DATA FOR THIS TASK.
════

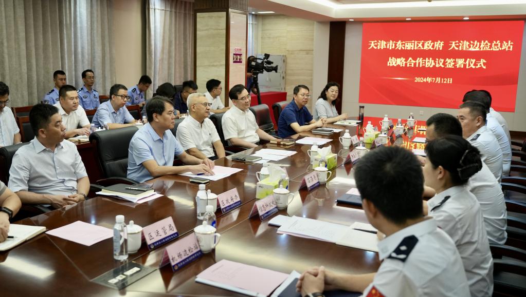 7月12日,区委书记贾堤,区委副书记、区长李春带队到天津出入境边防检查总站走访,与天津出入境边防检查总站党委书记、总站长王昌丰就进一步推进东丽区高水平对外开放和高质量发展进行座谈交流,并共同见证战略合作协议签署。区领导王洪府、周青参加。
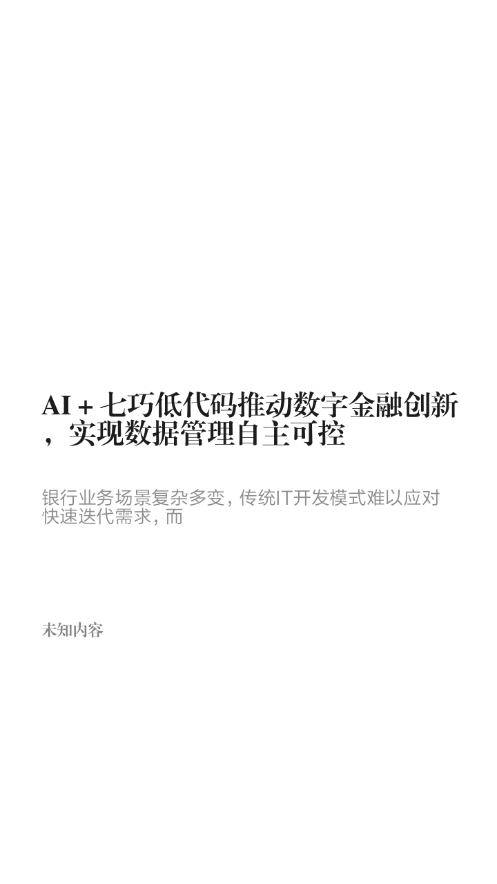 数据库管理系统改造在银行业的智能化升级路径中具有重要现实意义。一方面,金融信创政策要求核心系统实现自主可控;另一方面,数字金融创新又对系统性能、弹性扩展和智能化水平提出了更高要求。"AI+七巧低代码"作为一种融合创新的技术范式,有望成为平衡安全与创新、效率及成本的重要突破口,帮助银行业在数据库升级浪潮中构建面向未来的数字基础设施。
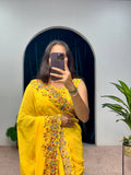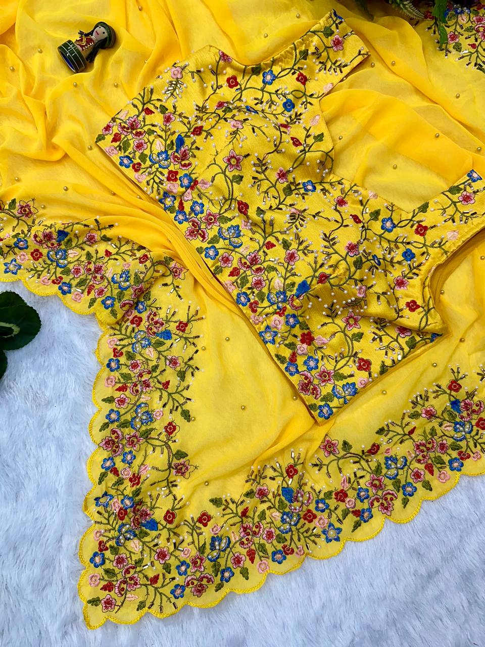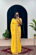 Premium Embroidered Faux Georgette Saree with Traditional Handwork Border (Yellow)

════

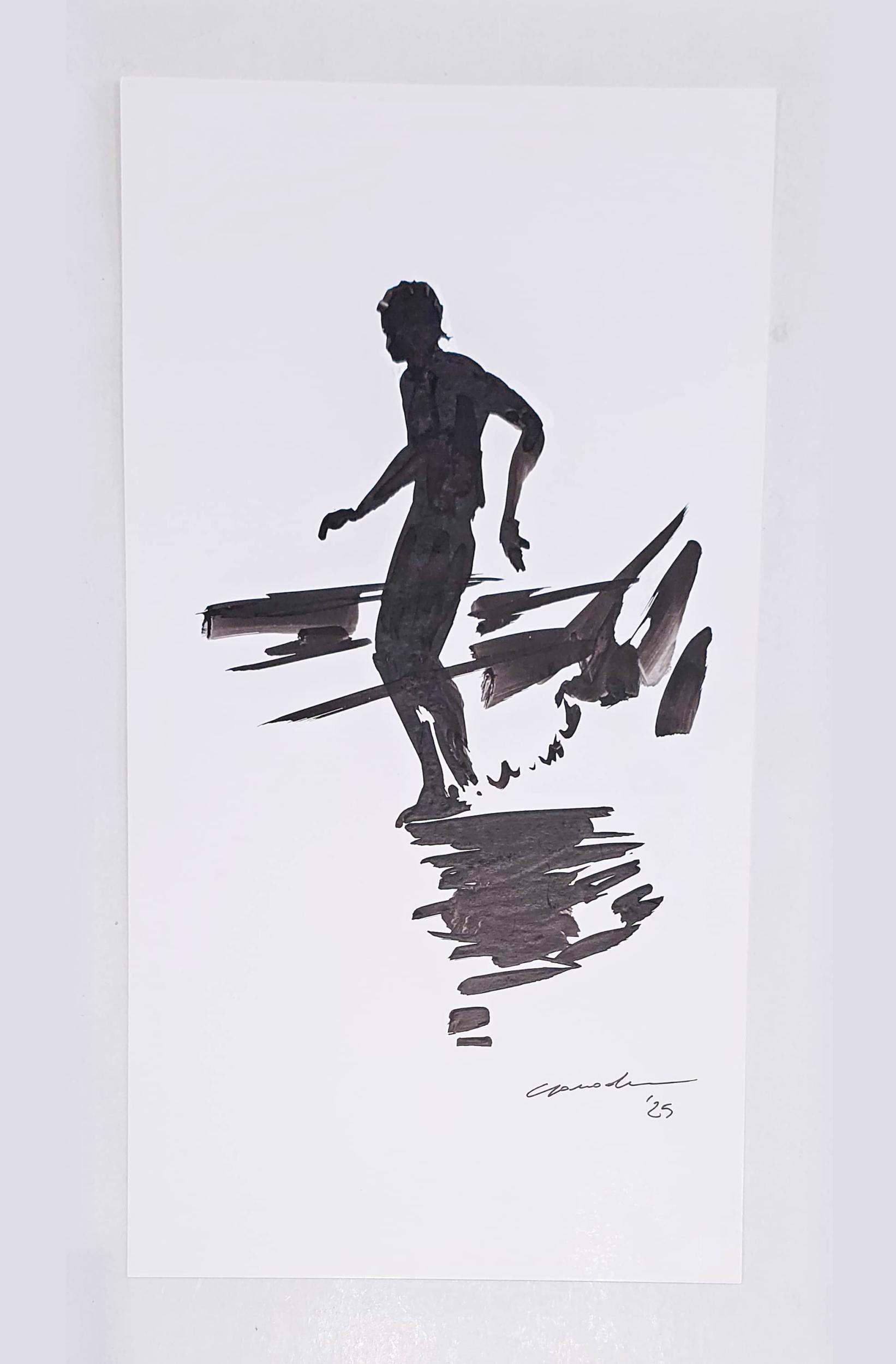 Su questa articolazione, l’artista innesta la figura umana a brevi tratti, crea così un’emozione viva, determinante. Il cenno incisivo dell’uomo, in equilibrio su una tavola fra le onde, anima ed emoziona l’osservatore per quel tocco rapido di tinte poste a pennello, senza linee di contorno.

════

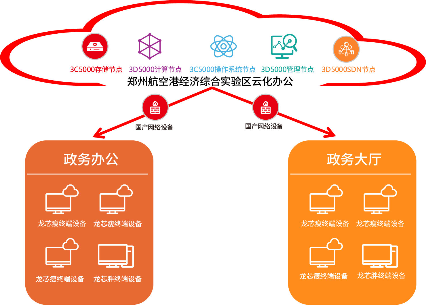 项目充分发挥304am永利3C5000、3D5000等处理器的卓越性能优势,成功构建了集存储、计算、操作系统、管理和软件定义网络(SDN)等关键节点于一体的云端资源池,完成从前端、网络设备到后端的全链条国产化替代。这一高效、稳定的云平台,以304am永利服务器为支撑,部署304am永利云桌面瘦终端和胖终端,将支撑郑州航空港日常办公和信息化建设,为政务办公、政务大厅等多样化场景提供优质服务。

════

WHAT IS EXPECTED.
Only one part of the listing is wanted: the lines from the one containing "数据库管理系统改造在银行业的" through the one containing "Premium Embroidered Faux", both included. Please transcribe it exactly, leaving out the pictures.

RESPONSE TO THE TASK.
 数据库管理系统改造在银行业的智能化升级路径中具有重要现实意义。一方面,金融信创政策要求核心系统实现自主可控;另一方面,数字金融创新又对系统性能、弹性扩展和智能化水平提出了更高要求。"AI+七巧低代码"作为一种融合创新的技术范式,有望成为平衡安全与创新、效率及成本的重要突破口,帮助银行业在数据库升级浪潮中构建面向未来的数字基础设施。
 Premium Embroidered Faux Georgette Saree with Traditional Handwork Border (Yellow)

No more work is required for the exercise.